To be honest, Lewis’s performance was the only thing that rescued the game from having all the esthetic charm of a meat grinder. The Patriots did manage to put 34 points on the board against the league’s best defense but they looked sluggish and choppy doing it. Brady was a mediocre 18-for-38 and took a considerable pounding en route. He benefited not only from a 48-yard pass interference call, but also from several chuck-and-duck completions to Chris Hogan and Julian Edelman. Even Lewis fumbled twice, losing one of them, and because he is a New England Patriot, he had to talk about the fumbles he’d made before the touchdowns he scored. Dion Lewis is, as they say, with the program.
“I’ve got a lot of work to do, protecting the ball better,” he said. “I can’t let my teammates down that way.”
The Patriots were rescued from themselves only by the utter ineptitude of the Houston offense generally, and of Osweiler—23-of-40 with three awful interceptions—in particular. (Osweiler telegraphed one of his picks so graphically that I believe New England safety Devin McCourty began planning to intercept the ball while he was driving to the stadium Saturday night.)
Osweiler got no help, either. Both tight end C.J. Fiedorowicz and wide receiver Will Fuller dropped passes in the end zone—Osweiler’s perfectly thrown pass went through Fuller as though he were a waterfall. You get one pass like that per game these days from Osweiler and you…have…one…job. If Houston had almost anyone else at quarterback, it could have stolen the game.
“You need to capitalize on great opportunities against a football team like this and even though we hadn't done that throughout the game, at the end of the day, we were still just down eight points at the start of the fourth quarter,” Osweiler said. “I made a clear read. I thought I was going to have a big explosive game completion and I think the ball just got away from me a little bit. It sailed a tick high and next thing you know, it's intercepted, so that's my fault, I'll clean that up. I can promise you I'm going to throw about a thousand of those routes in this offseason and get that fixed.”
Neither Brady nor Belichick seemed very pleased at what they’d seen on Saturday night, either, and the Monday film session ought to be fairly salty. “I think we've just got to learn from it. I think this team did a great job playing against us. They had some good scheme stuff that worked. They have good rushers and they had some good guys in coverage, so they had a pretty good scheme. It was a lot of things, and then when you add our poor execution on top of that, then you add our turnovers on top of that, it doesn't feel great because we worked pretty hard to play a lot better than we played,” Brady said. “I give them a lot of credit, but we're going to have to play better on offense. We expect to go out and have a good week and try to fix the things that we saw tonight, and then try to play better next weekend.”
And because he is a New England Patriot and knows the drill, even Dion Lewis pronounced himself dissatisfied. “We have a lot of work to do. We made a lot of mistakes. I'm glad we got a win, but in order to advance next week, we've got to play a lot better than we did today,” he said. “Nothing is guaranteed in this game, everybody knows that so to go to the playoffs and get a win is exciting.

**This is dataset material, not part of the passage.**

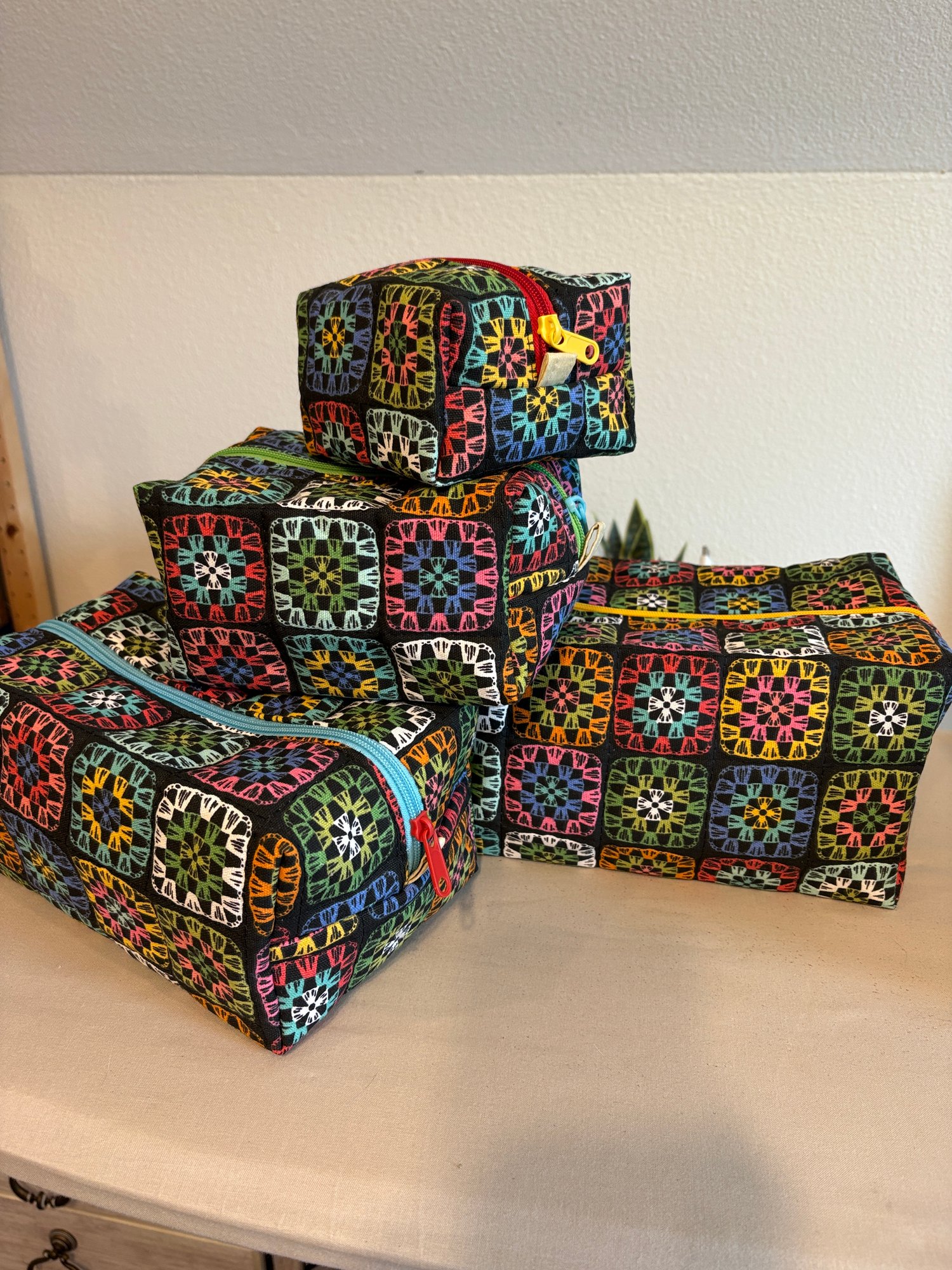This versatile Boxy Bag Bundle includes sewing patterns for four different sizes of the same classic boxy bag—perfect for organizing everything from makeup and toiletries to craft supplies and travel essentials.

We'll enjoy this the next couple of days and once we figure out who we're going to play, we know we've got a lot of work to do." This is the way things are here. You come here knowing that your Foxborough Moment is out there because the same cold-eyed assessment that one day may shuffle you out of town brought you here because it saw that moment for you. There is nothing sentimental about opportunity except the memory one day in the future of how you grabbed ahold of it when it finally came. Opportunity, Thomas Edison once said, is missed by most people because it wears overalls and looks like work.